Future efforts are likely in three areas. First, work such as that on HIV and M. tuberculosis is likely to be extended to studying not only other host-pathogen interactions, but also host-symbiont interactions such as those between gut epithelial cells and Bacteroides spp. [35], to determine how Bacteroides metabolites influence the host and how the host response in turn modulates the cell state of Bacteroides. Second, the effects of small molecules are likely to be added as a condition; the importance of this is that the resulting three-way host-pathogen-small molecule system comes close to mimicking an infected human patient being treated with a drug (Figure 2). Third, the development of suitable intraspecies variants will allow the investigation of communication between cells of the same species in the context of an interspecies system such as host-bacterium symbiosis. Such systems will have the power to detect genetic interactions relevant to paracrine signaling in eukaryotic cells, and to quorum sensing and other intraspecies signaling in prokaryotic cells.

Changes over space and time

Most systems-biological experiments study genetic and biochemical interactions at a single time point. But many interesting biological processes involve temporal or spatial dynamics - for example, cell migration down a gradient of chemoattractant or a pulse of signaling in response to an extracellular growth factor - and so another form of higher-dimension systems biology will be the study of how cellular modules change over space and time. Another area in which dimensionality is likely to increase is where the assay is used as a readout. The most common assays are the simplest: cell growth and reporter gene expression. As high throughput mass spectrometry, transcriptional profiling, and DNA sequencing become more common, assays that scan an entire genome, proteome, or metabolome will generate richer data for each set of perturbations.
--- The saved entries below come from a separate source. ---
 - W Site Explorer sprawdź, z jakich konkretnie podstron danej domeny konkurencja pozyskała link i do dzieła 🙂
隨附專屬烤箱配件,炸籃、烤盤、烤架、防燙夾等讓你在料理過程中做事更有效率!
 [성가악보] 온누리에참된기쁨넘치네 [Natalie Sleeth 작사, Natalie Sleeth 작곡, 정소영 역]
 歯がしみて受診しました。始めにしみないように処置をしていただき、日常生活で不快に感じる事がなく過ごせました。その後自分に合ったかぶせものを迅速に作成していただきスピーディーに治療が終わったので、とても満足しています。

In conclusion, there are two reasons for systematic approaches gaining so much traction among biologists. First, screening all the genes or proteins in an organism is not that much more difficult than analyzing a small subset, and robotics and high-throughput screening techniques are now within the reach of most labs. Second, the costs of systems biology scale sub-linearly while the payoffs scale super-linearly. Put simply, screening 100 times as many genes yields more than 100 times the information; the additional information consists in learning how groups of genes behave, enabling functional modules to be identified and characterized. As a result, we believe systems biological approaches will be adopted broadly, perhaps even becoming standard practice in experiments on genetically tractable organisms. Indeed, broad acceptance of systematic approaches could render the term 'systems biology' obsolete, which would surely be a mark of its success.